TASK DATA:
______

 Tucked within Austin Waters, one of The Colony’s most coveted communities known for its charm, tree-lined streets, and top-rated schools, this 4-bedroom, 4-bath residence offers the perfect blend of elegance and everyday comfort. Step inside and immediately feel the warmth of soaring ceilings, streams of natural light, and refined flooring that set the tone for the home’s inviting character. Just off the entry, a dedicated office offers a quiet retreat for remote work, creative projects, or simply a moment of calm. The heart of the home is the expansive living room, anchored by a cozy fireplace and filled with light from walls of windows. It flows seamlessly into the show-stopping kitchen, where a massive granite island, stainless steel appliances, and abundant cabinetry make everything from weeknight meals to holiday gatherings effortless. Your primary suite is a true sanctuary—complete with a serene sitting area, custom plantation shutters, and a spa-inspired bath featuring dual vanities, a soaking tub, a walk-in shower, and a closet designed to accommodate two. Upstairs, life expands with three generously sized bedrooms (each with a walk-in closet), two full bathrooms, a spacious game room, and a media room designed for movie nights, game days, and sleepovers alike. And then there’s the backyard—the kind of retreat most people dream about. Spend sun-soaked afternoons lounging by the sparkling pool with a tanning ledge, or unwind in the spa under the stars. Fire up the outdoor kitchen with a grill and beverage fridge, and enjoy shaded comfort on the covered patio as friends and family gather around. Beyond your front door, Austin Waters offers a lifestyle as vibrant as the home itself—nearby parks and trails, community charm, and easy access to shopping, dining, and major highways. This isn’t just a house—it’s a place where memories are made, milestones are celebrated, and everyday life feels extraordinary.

______

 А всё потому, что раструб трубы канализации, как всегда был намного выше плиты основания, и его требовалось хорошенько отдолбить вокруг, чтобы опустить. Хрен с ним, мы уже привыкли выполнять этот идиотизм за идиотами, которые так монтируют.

______

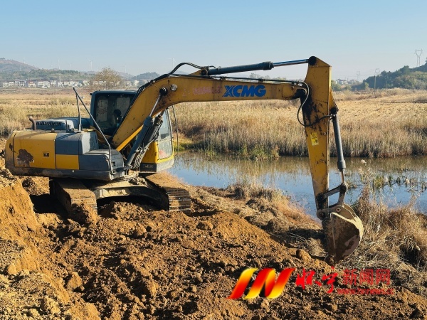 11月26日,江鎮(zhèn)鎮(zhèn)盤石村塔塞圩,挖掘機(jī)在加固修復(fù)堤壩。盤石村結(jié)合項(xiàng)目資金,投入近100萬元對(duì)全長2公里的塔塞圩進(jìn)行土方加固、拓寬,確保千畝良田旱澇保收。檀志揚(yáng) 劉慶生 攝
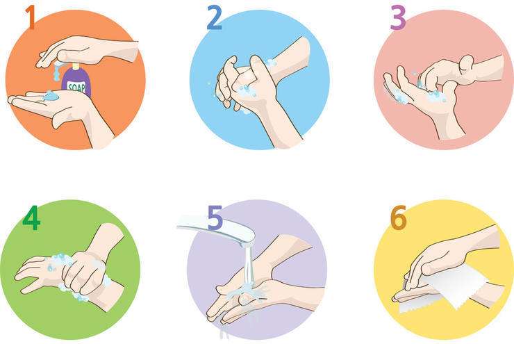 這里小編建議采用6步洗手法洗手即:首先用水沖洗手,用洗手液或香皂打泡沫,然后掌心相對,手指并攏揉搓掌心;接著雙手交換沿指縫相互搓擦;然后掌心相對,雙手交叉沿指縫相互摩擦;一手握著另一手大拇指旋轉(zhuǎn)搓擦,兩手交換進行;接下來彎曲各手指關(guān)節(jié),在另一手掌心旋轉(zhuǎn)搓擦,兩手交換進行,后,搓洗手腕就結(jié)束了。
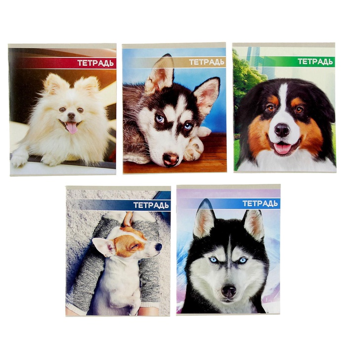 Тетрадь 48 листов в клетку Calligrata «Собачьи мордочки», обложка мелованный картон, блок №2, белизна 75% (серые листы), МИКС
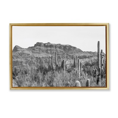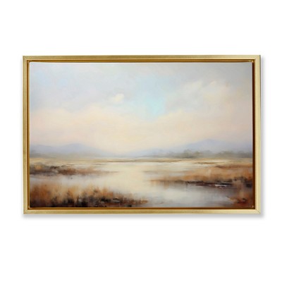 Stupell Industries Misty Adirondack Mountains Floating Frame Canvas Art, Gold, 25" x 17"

______

TASK DESCRIPTION: Taking the material above, give again exactly the lines from the one holding "Тетрадь 48 листов" through the one holding "Stupell Industries Misty", with both ends and without pictures.

TASK SOLUTION:
 Тетрадь 48 листов в клетку Calligrata «Собачьи мордочки», обложка мелованный картон, блок №2, белизна 75% (серые листы), МИКС
 Stupell Industries Misty Adirondack Mountains Floating Frame Canvas Art, Gold, 25" x 17"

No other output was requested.